» **Given information**
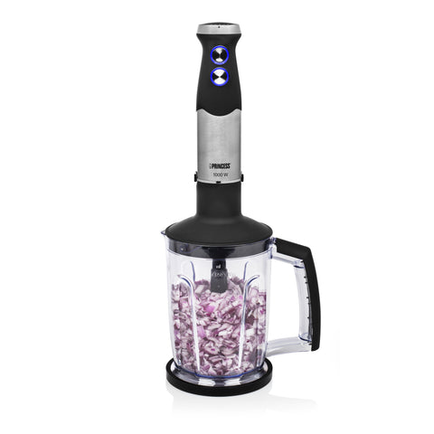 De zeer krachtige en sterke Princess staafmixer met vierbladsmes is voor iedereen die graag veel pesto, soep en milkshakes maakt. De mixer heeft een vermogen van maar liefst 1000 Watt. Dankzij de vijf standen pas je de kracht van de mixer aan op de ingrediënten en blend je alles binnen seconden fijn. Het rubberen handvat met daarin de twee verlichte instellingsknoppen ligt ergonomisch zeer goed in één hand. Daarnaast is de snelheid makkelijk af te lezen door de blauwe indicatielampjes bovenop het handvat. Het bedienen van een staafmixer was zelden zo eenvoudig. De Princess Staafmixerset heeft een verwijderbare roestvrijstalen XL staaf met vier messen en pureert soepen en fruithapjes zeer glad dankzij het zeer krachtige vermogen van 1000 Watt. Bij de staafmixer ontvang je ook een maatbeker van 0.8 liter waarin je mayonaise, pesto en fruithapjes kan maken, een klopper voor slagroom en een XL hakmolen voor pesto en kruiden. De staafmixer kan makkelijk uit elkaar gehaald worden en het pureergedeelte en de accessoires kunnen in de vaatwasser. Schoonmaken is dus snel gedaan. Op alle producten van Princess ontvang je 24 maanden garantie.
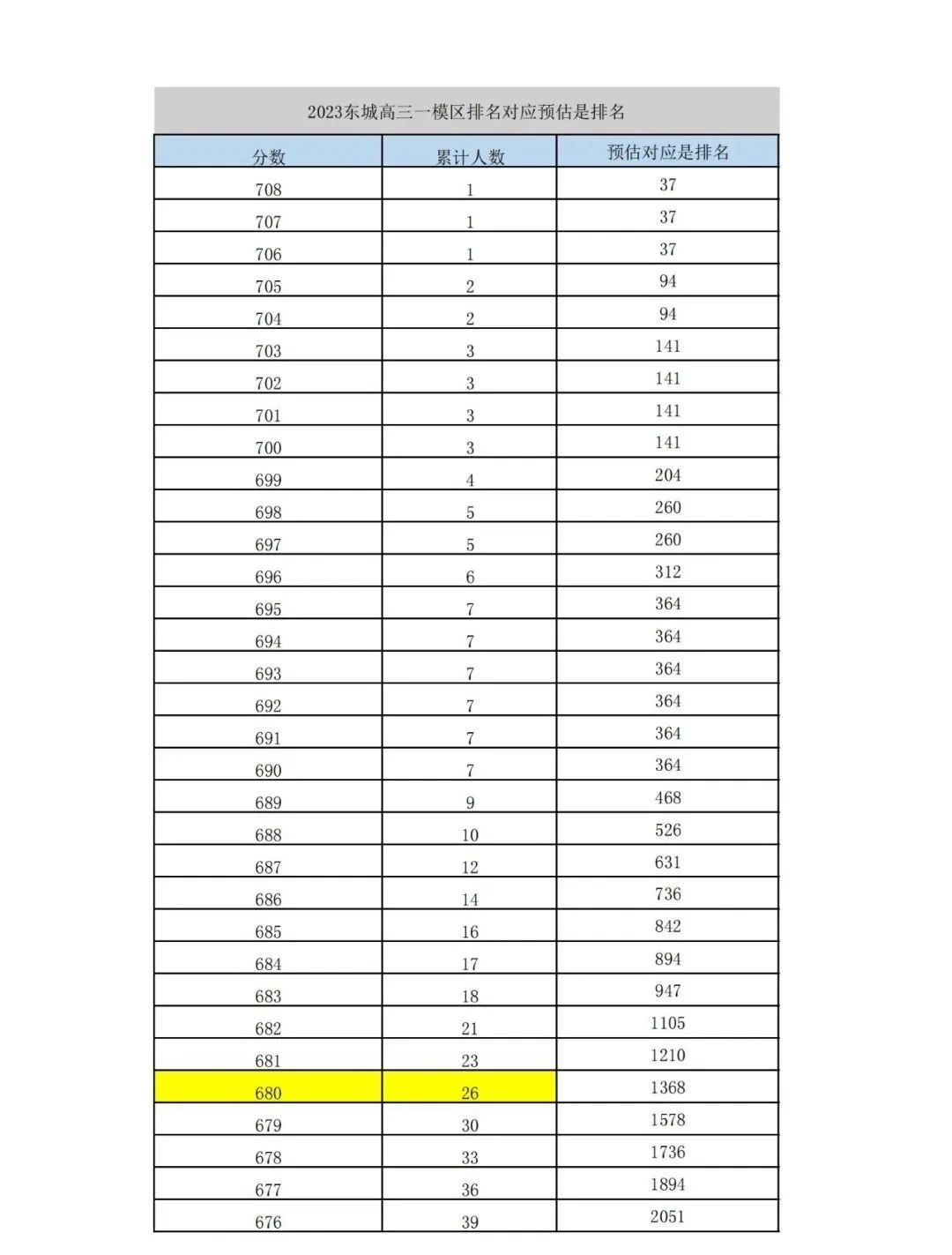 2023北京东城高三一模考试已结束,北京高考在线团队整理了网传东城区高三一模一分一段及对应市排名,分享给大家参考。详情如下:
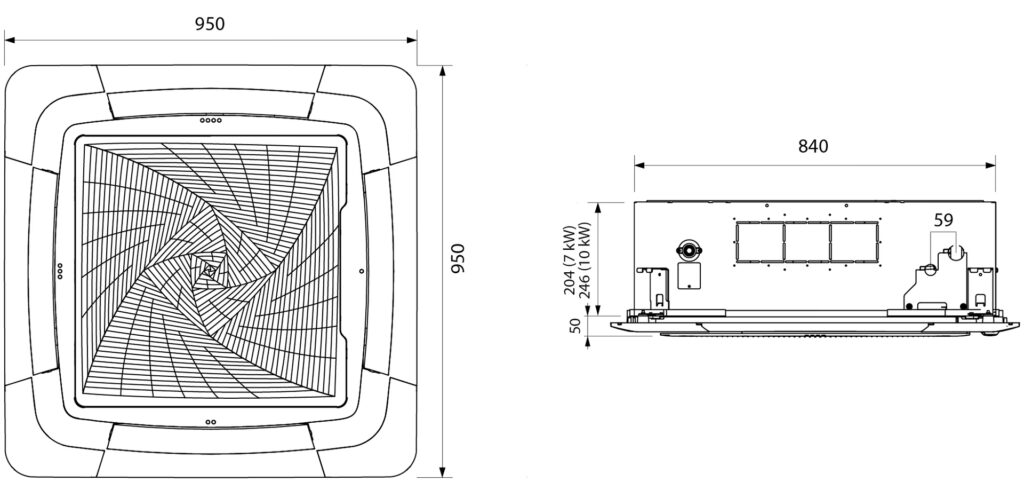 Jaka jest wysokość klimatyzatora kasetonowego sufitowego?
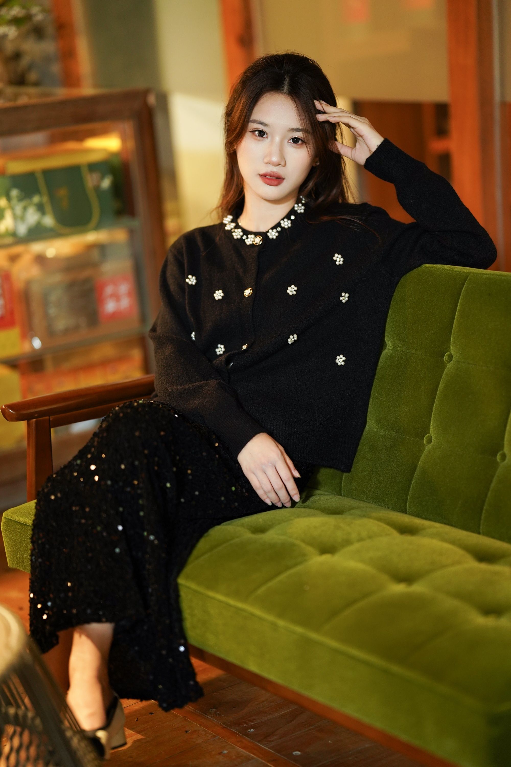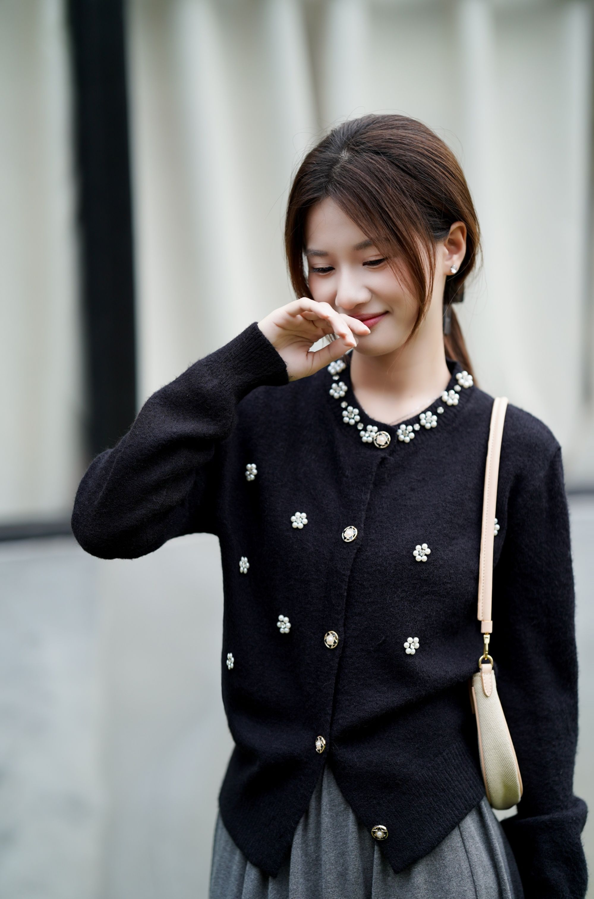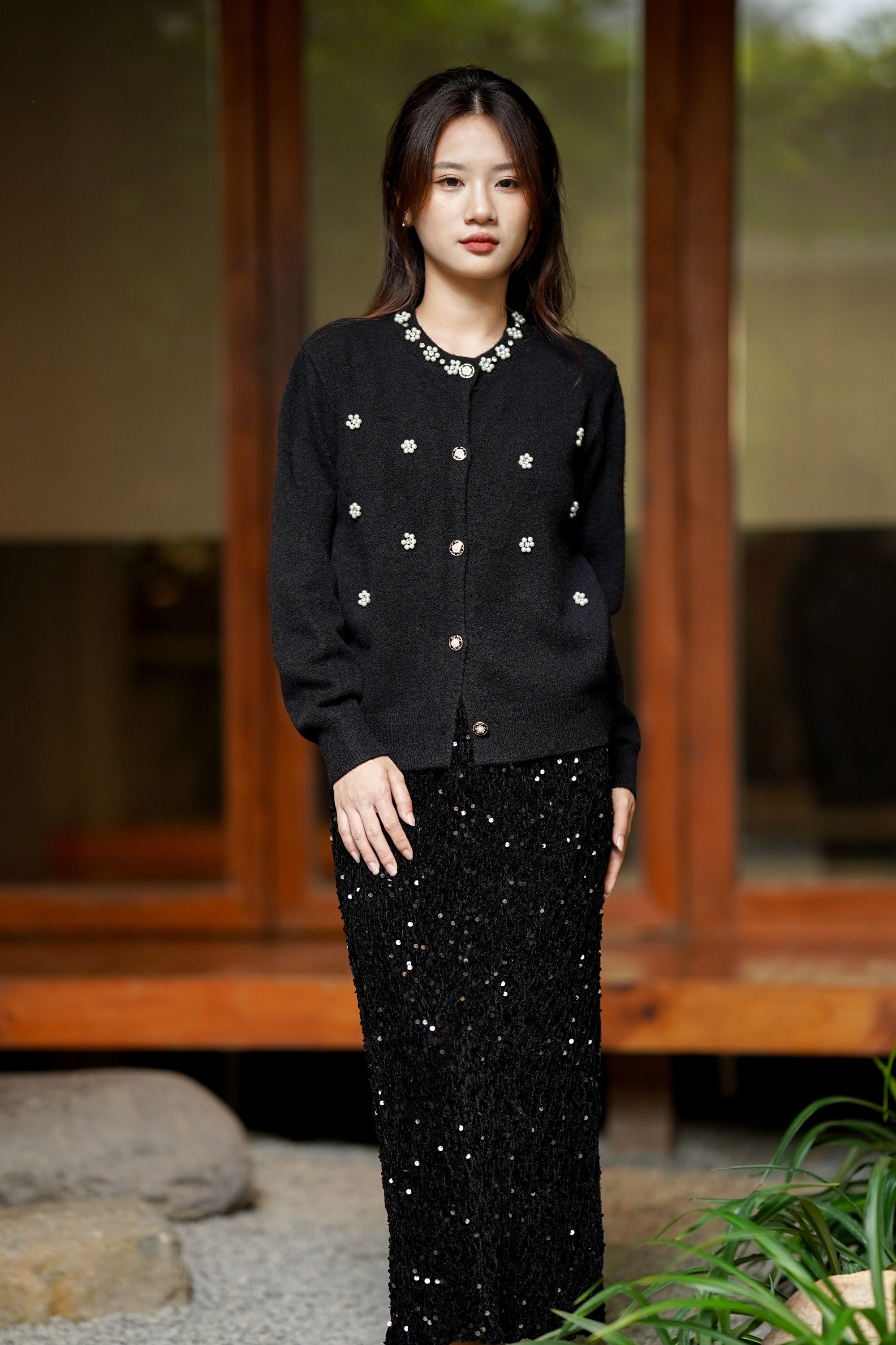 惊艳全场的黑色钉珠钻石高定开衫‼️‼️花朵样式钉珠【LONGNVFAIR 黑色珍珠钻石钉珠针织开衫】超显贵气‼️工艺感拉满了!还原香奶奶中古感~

» **What is being asked**
Beginning with the line that contains "2023北京东城高三一模考试" and ending with the last line of the data above, output those lines exactly and nothing more, without any pictures.

» **Solution to this task**
 2023北京东城高三一模考试已结束,北京高考在线团队整理了网传东城区高三一模一分一段及对应市排名,分享给大家参考。详情如下:
 Jaka jest wysokość klimatyzatora kasetonowego sufitowego?
 惊艳全场的黑色钉珠钻石高定开衫‼️‼️花朵样式钉珠【LONGNVFAIR 黑色珍珠钻石钉珠针织开衫】超显贵气‼️工艺感拉满了!还原香奶奶中古感~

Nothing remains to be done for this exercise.